Techno-Economic Feasibility and Spatial Analysis of Thermochemical Conversion Pathways for Regional Poultry Waste Valorization
Raaj R. Bora, Yanqiu Tao, Johannes Lehmann, Jefferson W. Tester, Ruth E. Richardson, Fengqi You
Abstract
This study examines prominent thermochemical conversion technologies, such as slow pyrolysis, fast pyrolysis, gasification, and hydrothermal liquefaction, for treating poultry litter in New York State (NYS). Nine cases involving combinations of the four technologies and different downstream processing options such as bio-oil upgrading and Fischer–Tropsch conversion are chosen based on the product distribution.
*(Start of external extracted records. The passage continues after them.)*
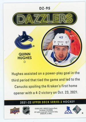 2021-22 Upper Deck Quinn Hughes Dazzlers Purple
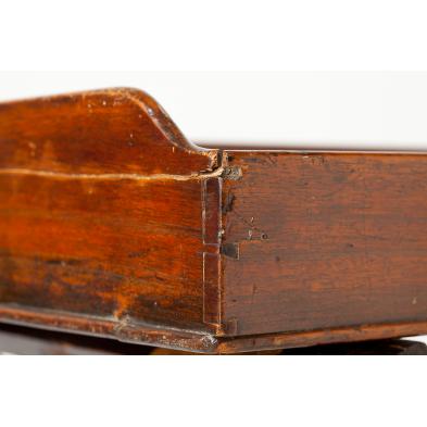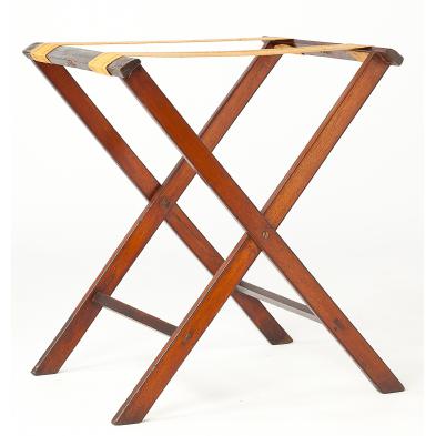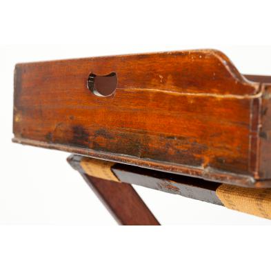 Early 19th century, mahogany tray with handle grips, supported by a later, probably early 20th century, collapsible mahogany "X" shaped stand with burlap straps for support of the tray.
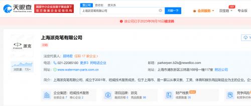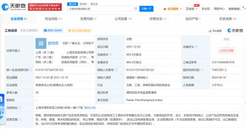 天眼查App显示,近日,上海派克笔有限公司经营状态变更为注销。该公司成立于2001年12月,法定代表人为顾琦君,注册资本465.4万美元,经营范围含钢笔、圆珠笔和其他文具产品及相关皮制品、标签机以及其他加工工具和光学测量仪及办公设备、文教用品的开发、设计等,由Newell Rubbermaid Asia Pacific Limited全资持股。
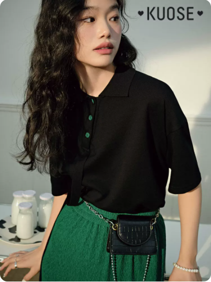 阔色黑色设计感短袖t恤女新款夏装小众蓝色翻领Polo衫上衣绿
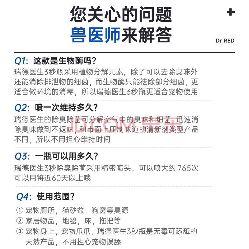 商品相册:瑞德医生宠物除臭剂狗狗除臭喷雾猫尿分解猫砂除味非生物酶消毒杀菌-2瓶装第
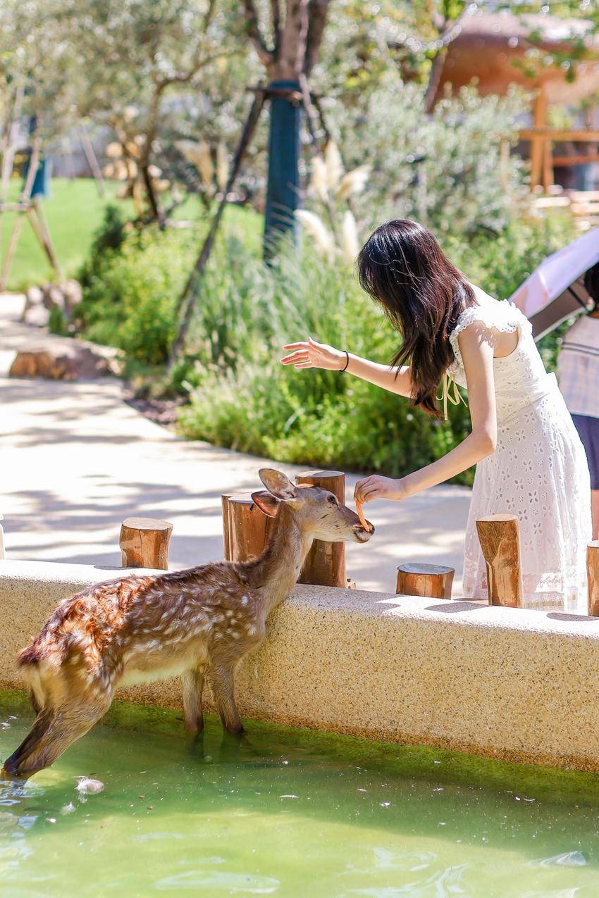 麓客岛上游客与梅花鹿互动
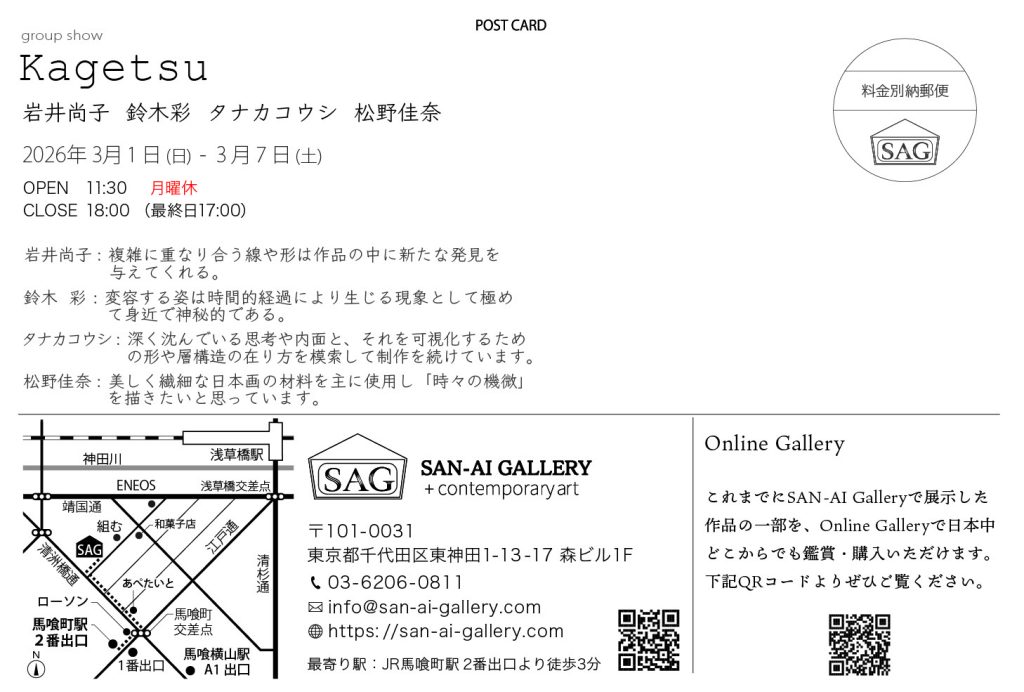 | 場所 | SAN-AI Gallery 住所:東京都千代田区東神田1-13-17 森ビル1F 電話&FAX:03-6206-0811 |
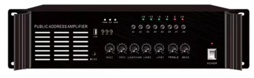 2,帶有前置放大器,具有2路話筒輸入,其中MIC2話筒帶默音強(qiáng)插功能。便于緊急廣播,高低音可調(diào)。
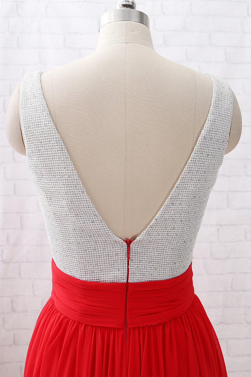 Vestido de fiesta largo de gasa con escote en V y tirantes MACloth en color rojo
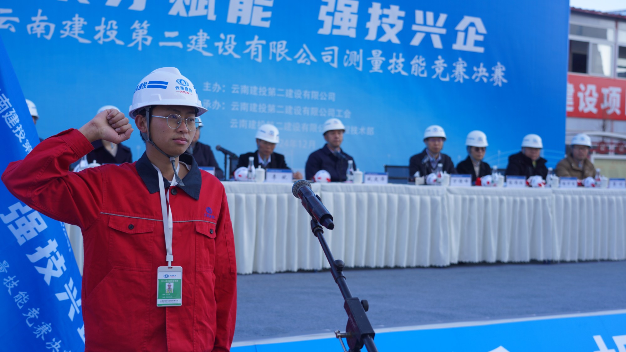 12月30日上午,公司2024年“聚才賦能 強技興企”測量技能競賽在昆明市醫(yī)科大學第一附屬醫(yī)院呈貢醫(yī)院項目部隆重開幕。公司黨委委員、董事、副總經(jīng)理(主持工作)臧慶澤,黨委委員、工會主席、副總經(jīng)理李斌,昆明冶金高等專科學校測繪學院副院長萬保峰教授,學院基地主任張偉紅教授,學院自動化變形監(jiān)測中心主任楊萬樞副教授,學院測繪與地理信息技術(shù)教研室主任黎劍副教授出席開幕式。公司總工程師陳強主持開幕式。

High-fidelity process simulations are performed to derive the mass and energy balance. Economic performance for the nine cases varied widely with largely overlapping net present values, ranging from $10MM to $170MM (slow pyrolysis), $89MM to $314.5MM (fast pyrolysis), $28MM to $196MM (hydrothermal liquefaction), and $25MM to $234MM (gasification). Both pyrolysis technologies had 18% to 56% lower greenhouse gas (GHG) emissions than the other technologies. GHG balances showed trade-offs with economic performance. Sensitivity analysis identified carbon credits, products' market price, and plant capacity as the most influential factors. Building one centralized biorefinery in NYS especially for fast pyrolysis was more economically feasible than building multiple smaller biorefineries (biochar breakeven price of −$128 to −$91/ton vs $74 to $93/ton). The trend for slow pyrolysis was similar but with comparatively little difference (biochar breakeven price of $59 to $96/ton for one biorefinery vs $76 to $91/ton for multiple biorefineries).